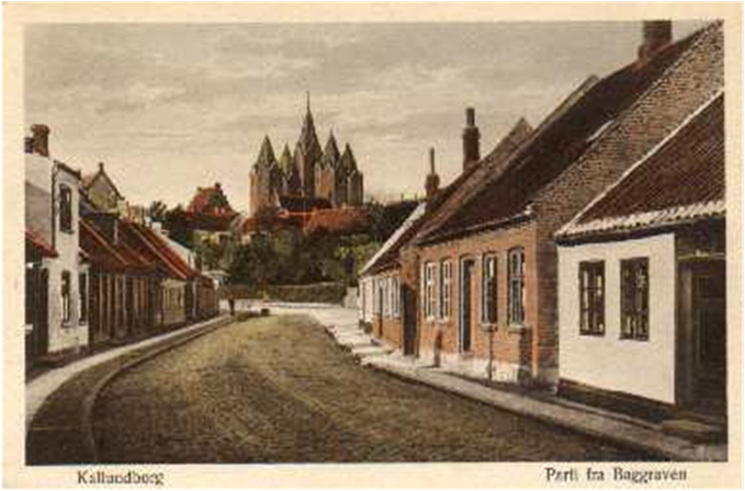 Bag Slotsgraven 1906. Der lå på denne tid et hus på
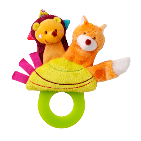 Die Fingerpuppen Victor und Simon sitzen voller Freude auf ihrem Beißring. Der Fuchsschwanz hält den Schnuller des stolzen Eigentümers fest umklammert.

++++++

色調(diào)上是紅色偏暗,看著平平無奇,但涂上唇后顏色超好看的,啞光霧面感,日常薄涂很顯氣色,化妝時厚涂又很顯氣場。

++++++

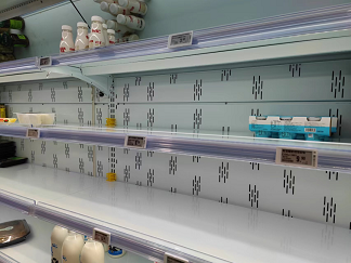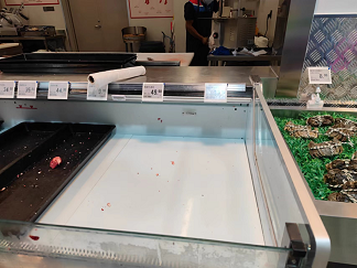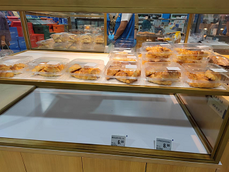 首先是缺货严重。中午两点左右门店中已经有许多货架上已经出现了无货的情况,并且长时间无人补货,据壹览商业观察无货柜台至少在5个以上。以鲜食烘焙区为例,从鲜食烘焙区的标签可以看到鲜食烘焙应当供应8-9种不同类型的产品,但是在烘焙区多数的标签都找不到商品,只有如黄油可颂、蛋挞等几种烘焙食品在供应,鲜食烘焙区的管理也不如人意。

++++++

**ASSIGNMENT**: Look through the listing above for the line with "Bag Slotsgraven 1906." and the line with "Die Fingerpuppen Victor". Write out exactly those lines and everything between, leaving out pictures.

**ANSWER FOR THIS EXERCISE**:
 Bag Slotsgraven 1906. Der lå på denne tid et hus på
 Die Fingerpuppen Victor und Simon sitzen voller Freude auf ihrem Beißring. Der Fuchsschwanz hält den Schnuller des stolzen Eigentümers fest umklammert.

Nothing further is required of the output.